50 years ago people were worried about the global cooling and the population bomb.
Does this have something to do with covfefe?
Many don’t want to admit or don’t even know that the IPCC’s official mission, buried somewhere in their founding document, is to look into human effects on climate. So, naturally they never consider natural ones like the sun, volcanic activity, methane bubbling from the ocean floor, etc, etc.
Almost all the IPCC focus and comments are on human causes of climate change because that is their only area of interest.
Actually, I think it can be a lot of fun.
First thing is not to disagree with them. I mean, they’re probably sincere, at least in the sense that they probably believe in their heart of hearts that we shouldn’t be wrecking the planet. And if you disagree with them, they are likely to dismiss you as someone who does, indeed, want to wreck the planet, and they’ll be deaf to any further discussion. So if you agree, you have something to talk about.
And then, challenge them to be more solid in their opinion. “Y’know, a lot of people say that, but I don’t think they mean it.”

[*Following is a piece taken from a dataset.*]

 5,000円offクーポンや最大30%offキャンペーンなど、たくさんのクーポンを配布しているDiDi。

Then put it in perspective. “The way a politician gets wealthy is by coming up with an excuse to drain the treasury, pocketing a percentage of it in the process. You know, graft. And there is zero incentive to fix the original problem. Which explains why the US Department of Education gives us the world’s worst K-12 schools. Or fifty years of the Great Society programs, and the poverty rate has not improved. Or the Community Reinvestment Act that gave us the 2008 financial crisis. Oh, and by the way, happy 50th anniversary to the Environmental Protection Agency.”
“So if you really cared about the planet you wouldn’t put it in the hands of the folks with this kind of historical success rate, and who make more money by making the problem worse.”

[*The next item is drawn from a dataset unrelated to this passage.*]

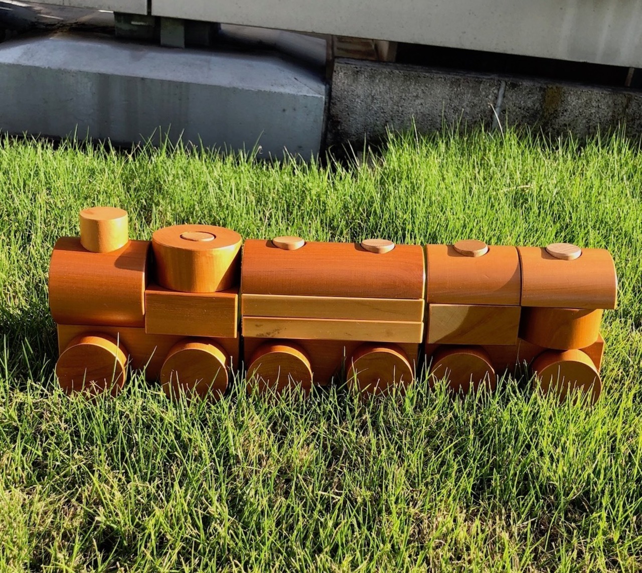 最後の写真の、同じ価格で売り出し中の20年ほど前の汽車つみきと縦に並べた写真を参考にしてください。

A glorious sunrise. A little cream, a little sugar in my morning covfefe. Efrcet!
Sometimes a cold is just a cold
Sometimes a hurricane is just a hurricane
Sometimes a voting law is just a voting law
Sometimes a hot summer is just a hot summer
Sometimes an election is just an election
Ah, I remember those days before everything was a sign of the looming apocalypse. It is exhausting and frightening to live as a progressive or one of their acolytes. We should pity them, but gently challenge them. They have to see its OK to take things in stride.
Of course! She pulled out the credit card
The first thing to do with anyone is to define terms. Without common terminology any conversation is just an exercise in frustration.
There was an episode of The Rockford Files that had a side-story something like that. A person who has no self-identity and latches on to new fads as they come by. The episode is called “Quickie Nirvana” and there used to be some relevant clips on youtube but they may have been removed. The whole episode is available on “Roku Channel” but I don’t know if it works outside the US.
https://therokuchannel.roku.com/watch/ae76cf8c831b5eceafe5873f5786faa8
At the first hint that an acquaintance might go there, I like to poison the air by bemoaning the lack of correlation between the models and reality, and how the masses will never be convinced with such shoddy science.
And leave ambiguous my opinion on whether that latter is good or bad.
I often get a nod and a new topic of conversation.